In 2006, AngloGold Ashanti launched an indoor spraying programme using DDT in houses, hospitals, orphanages and other facilities. The aim was to reduce malaria by 50% in the municipal district of Obuasi, which is the home to one of company’s main gold mining operations. The programme succeeded dramatically and, in just two years, the incidence of malaria dropped by a massive 72%.

Let us look at numbers, which really drive this home. In 2005, at the Edwin Cade hospital, in Obuasi, there were 6 711 reported cases of malaria. By mid-2013, that figure had dropped to 238. Translate that to quality of life and economics, for example – in 2005, there were 6 983 lost working days due to malaria each month; yes, each month. By 2009, that figure had gone down to 282.

So, AngloGold Ashanti went into the area to mine gold but has brought a highly improved quality of life to the population. Clearly, the company wanted to improve its workers’ performance by reducing work days lost to illness, but it must be congratulated on the terrific social responsibility function that it has carried out.

I have written about DDT and malaria a number of times. Prior to the Second World War, and in the years subsequent to the war, DDT was used to great effect to kill malaria-carrying mosquitoes. Then environmental activists got in on the act and accused DDT of being detrimental to the environment and to human health.
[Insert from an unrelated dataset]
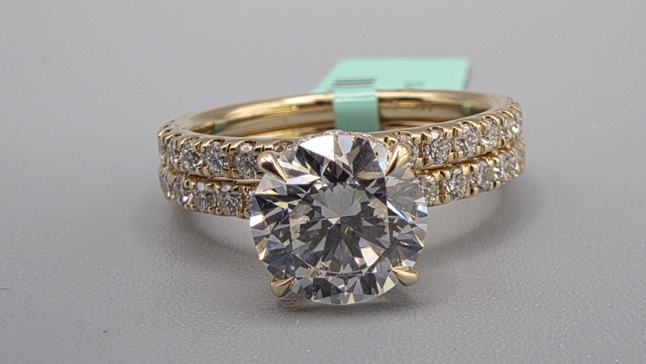 Elevate your love story with this stunning 14K yellow gold bridal ring. Featuring a 2.03CT round-cut solitaire and 3.14CT total diamond weight, it shines with 5.1 grams of pure elegance in size 7.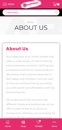 Buy Happiness. is on the top of the list of Shopping category apps on Google Playstore. It has got really good rating points and reviews. Currently, Buy Happiness. for Windows has got over 50+ App installations and 0 star average user aggregate rating points.

False stories about DDT were propagated and distortions were fabricated.

As a result, the use of DDT worldwide was reduced to almost zero. Malaria deaths soared. The anti-DDT activists did not care – after all, they were “saving the planet”.

Some of them even said that the earth had too many people anyway, so it did not matter if large numbers died of malaria.

The activists claimed that DDT use was harming bird populations in the US by thinning their egg shells, and so DDT use in Africa had to be stopped. It has turned out that the bird story is largely false.

Some farmers used much more DDT than necessary in the belief that, if some quantity of DDT killed harmful insects, then twice as much should kill twice as many insects. This logic is not correct. When many insects were killed, which were not the harmful target species, this affected the feeding patterns of birds, which led to stress on the birds and, in turn, led to some of the egg shells thinning. These are findings coming out of later research.

DDT is not harmful to humans. Nobody on the planet has died from DDT, nobody on the planet has got cancer from DDT, nobody on the planet has got sick from DDT. But these facts did not deter the anti-DDT lobbyists, who knowingly let children die by the millions while they pursued their anti-DDT campaign.

I personally interviewed a number of people who had been involved with DDT spraying for years. Not one of them had ever had any DDT-related illness, and they knew of nobody who had. DDT horror stories had been fabricated.

So, congratulations to AngloGold Ashanti on the DDT spraying initiative. My advice is: Do not confine your DDT spraying activities to indoors only – have the courage to carry out well-controlled outdoor spraying as well.

AngloGold Ashanti has already rolled out DDT programmes to Mali, Tanzania and Guinea. Good. Keep going.